OSGi is a hardware-independent, dynamic software platform that simplifies the process of modularizing distributed applications and their services, and managing them throughout their entire life cycle (Wütherich et al. 2008). The OSGi platform requires a Java Virtual Machine (JVM) and provides a framework on the basis of the JVM. The OSGi alliance (Open Service Gateway initiative) is an industry consortium consisting of a number of manufacturers from different sectors, which originally developed the platform for use in embedded systems. The most important features of OSGi are as follows:
- OSGi architecture: OSGi defines the following layers as its base architecture:
- Execution environment
- Module
- Life cycle
- Services
- Security
- Applications
- Component model: The fundamental component model consists of a bundle. In OSGi, bundles are also referred to as services, which are managed in a service registry. However, the concept of a service in OSGi has nothing in common with the concept of a service in an SOA. The specification of the OSGi service platform defines a runtime environment (container) based on a Java Virtual Machine and Java base architecture. OSGi focuses on the component, which is packaged as a bundle, and which can publish its interface through the service registry, making it available for use. A monitored life cycle is defined for such components.
- Collaborative Software Environment: OSGi bundles can collaborate through the OSGi service registry, in which the services a bundle provides are registered.
The specification of the OSGi service platform defines a runtime environment (container) based on a Java Virtual Machine (JVM). One of the important enhancements is the option of equipping the software bundles with independent class loaders and, therefore, running different versions of the same software in parallel on the same JVM. In addition, the OSGi container gives the bundles their own service life cycle, which enables services to be installed, started, stopped, removed, and updated at runtime. Both these factors—versioning and life cycle—are of particular interest in productive environments where high levels of availability are needed. OSGi is therefore ideal for integrating embedded systems, for example, as there is no maintenance window needed for upgrading components.
OSGi has published 4 specifications. The majority of OSGi implementations are based on the release 3 specification from 2003 (OGSi 2003).
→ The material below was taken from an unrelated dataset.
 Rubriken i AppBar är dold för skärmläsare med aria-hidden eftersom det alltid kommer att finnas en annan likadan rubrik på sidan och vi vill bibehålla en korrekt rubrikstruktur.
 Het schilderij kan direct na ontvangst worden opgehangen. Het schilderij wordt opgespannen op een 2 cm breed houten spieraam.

Well-known implementations include the Eclipse 3.0 platform (Gruber et al. 2005) and the "software in the car" platform developed by BMW (Saad 2003) and Daimler (Heinisch, Simons 2004). As of October 2009, there are five certified OSGi implementations for release 4.
The architecture of the OSGi service platform enables a range of independent service modules to be run in parallel on the same JVM and allows them to be monitored, managed, and updated throughout the entire software life cycle, as shown in the preceding diagram. Remote maintenance is also possible. The interdependencies of bundles are resolved and managed by the OSGi container. The implementations and products that are currently available consist of the OSGi framework and a number of existing software bundles, which, because of their modular structure, can be dynamically added to or removed from a runtime environment.
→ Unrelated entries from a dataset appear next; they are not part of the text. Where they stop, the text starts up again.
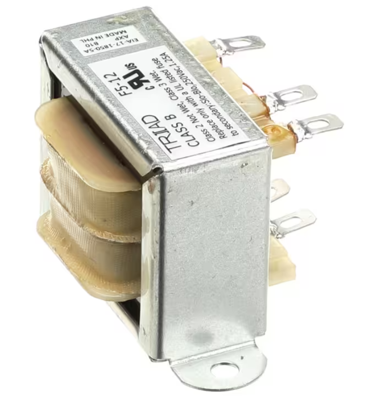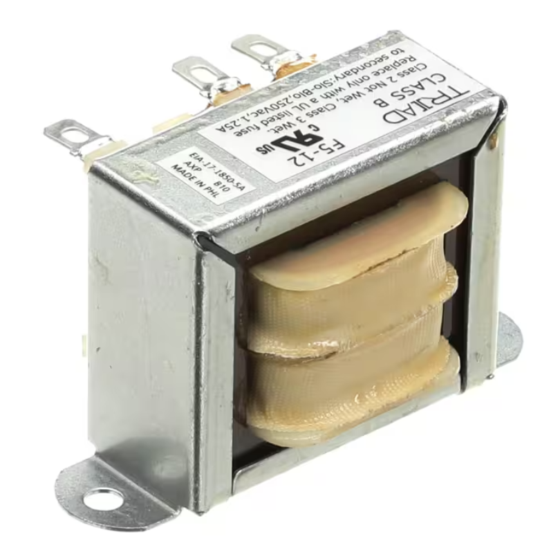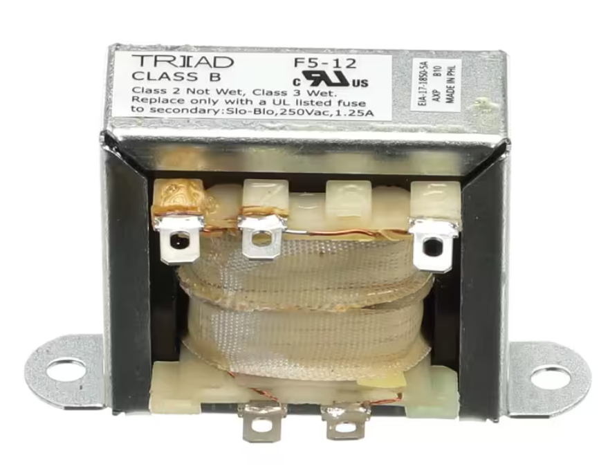 Ensure consistent low-voltage power to your Curtis beverage equipment with this OEM transformer (part numbers F5-12, EIA-17-1850-5A). Designed to convert 120V input to 12V output, this transformer is essential for powering control systems, sensors, and timers in a wide range of Curtis brewers and hot water dispensers. Its compact, durable design guarantees reliable performance in busy commercial drink stations.
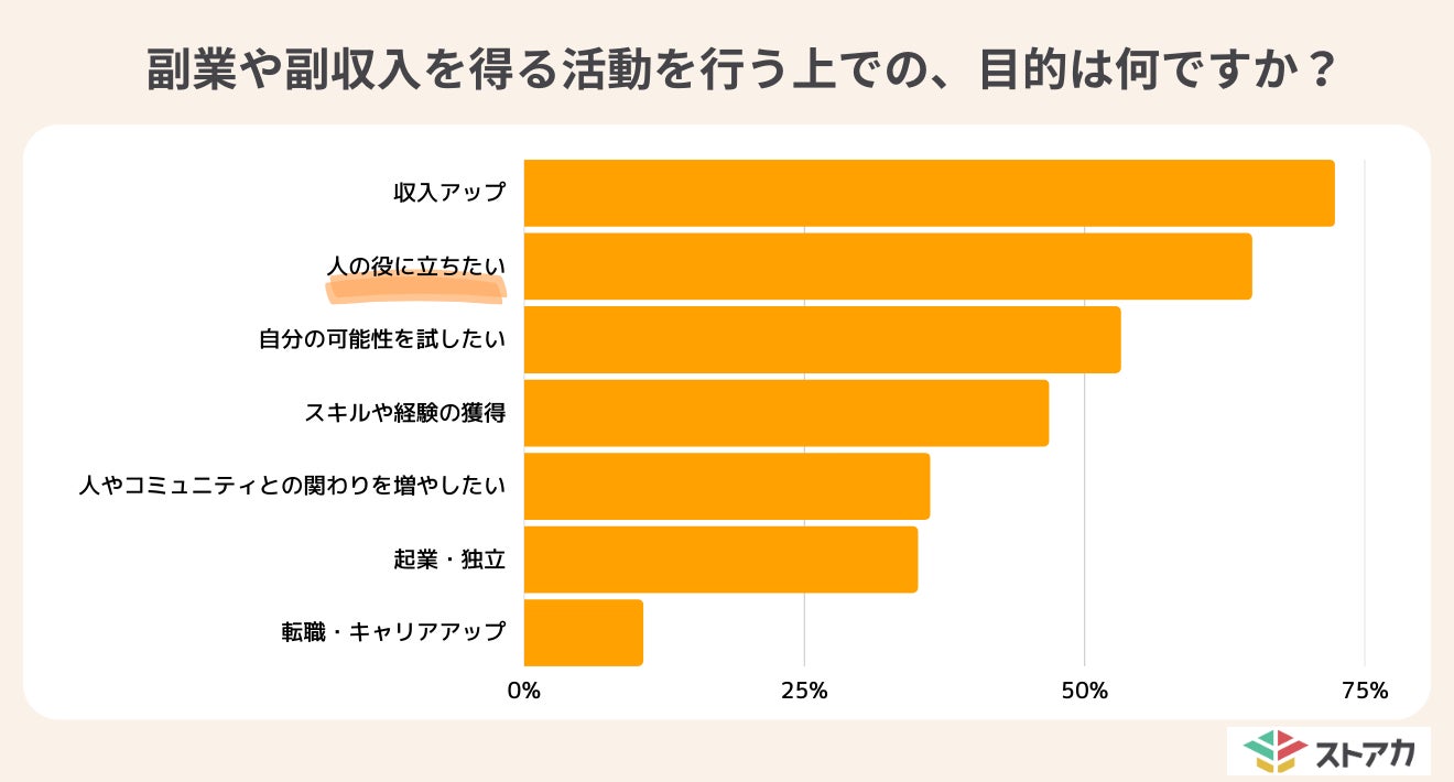 副業や副収入を得る活動において、目的について尋ねた結果、「収入アップ」(72%)が第1位でした。第2位の目的は「人の役に立ちたい」(64%)であり、収入アップに次ぐ高い割合をしめしました。昨年の調査では「人の役に立ちたい」と答えた方は46%だったことから、大幅に増加していることがわかります。
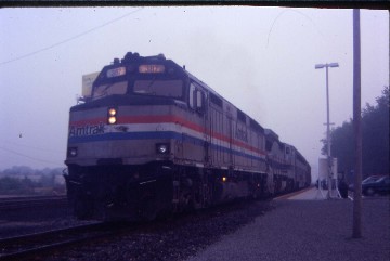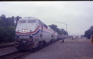The Cardinal 51 9/4/2000Leaving town about four hours late, I did see the RCA dome and State Capitol from the end of the platform then went to the dining car for French toast and had a delightful conversation with a couple returning home to Chicago and a woman going to Chicago to fly on Virgin Air to London. The meal hit the spot and I enjoyed a follow-up tea back at my seat as I watched the Indiana scenery. As the Cardinal approached Lafayette, it gave me an opportunity to see the railroad's relocation around town; I do miss the street-running with the stop at the station there. We stopped at the new station before making our way out of town on the former Monon Railroad and at the town with the same name, we curved off to the west to Rensselaer. Due to the padding in the schedule, we continued to make up time, now only two hours and twenty minutes late.
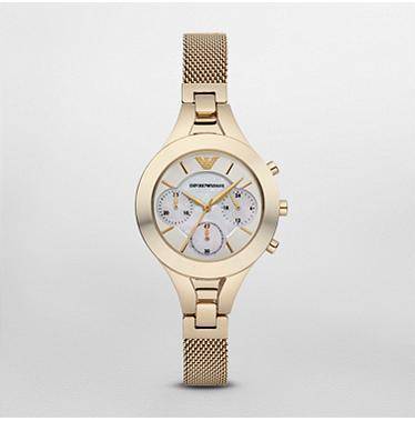 Featuring gold-tone, a matching mesh bracelet and a mother-of-pearl chronograph dial, this Emporio Armani watch showcases rich design with a versatile touch.

The current OSGi specification focuses on the component, which is packaged as a bundle. A compoment can publish its interface using the service registry and make it available for use. Components of this kind have a monitored life cycle with options for (re)deployment.
The OSGi framework covers the following points:
- Applications can share one individual virtual machine
- Class loader problems
- The isolation and security of individual applications and services
- Controlled communication and collaboration between applications
- The use of shared resources (such as libraries)
- Life cycle management of applications and services (for example, versioning applications and services)
- Policies are offered by bundles
The most important layers of the OSGi architecture are the execution environment, modules, life cycle management, and service registry, as shown in the following diagram:
Let's have a look at these layers one by one:
- Execution environment: A Java environment, such as J2SE.
- Modules: All the classes and resources grouped together as bundles. A bundle can include entire applications, parts of applications, individual service components, and entire libraries. The starting point at runtime is the OSGi system bundle, which makes the OSGi software infrastructure available.
- Life cycle management: A defined life cycle for each bundle in the form of an API. This API has the following life cycle statuses, as shown in the following diagram:
- install
- resolve
- start
- stop
- refresh
- update
- uninstall
- Service registry: The management of all services. This includes identifying services on the basis of their interface definition or properties, and sending notifications between services. It also involves binding to one or more services using program controls, pre-defined standard behavior rules, and distribution configurations.
The OSGi component model consists of bundles. These are services, which are managed in a service registry. However, the OSGi service is nothing more than the general interface concept of a software component. It defines a decoupled component model that supports the reusability and the use of small components.
A bundle represents an application deliverable, which is similar to an application executable, in the form of a JAR file. A bundle registers one or more services. A service is specified in a Java interface and can be implemented by several bundles. Services are bound to the bundle life cycle. A query language can be used to search for services registered by other bundles.
A bundle contains program code, additional resources (optional), and a manifest file that defines the bundle context. The OSGi framework reads the manifest and installs the code and resources in the OSGi runtime environment on this basis. Dependencies with other bundles and services are also resolved using the information in the manifest. At runtime, the framework starts the bundle via the bundle activator and manages the class path and the dependencies (references to other bundles and services). The framework can also stop a bundle by means of the bundle activator.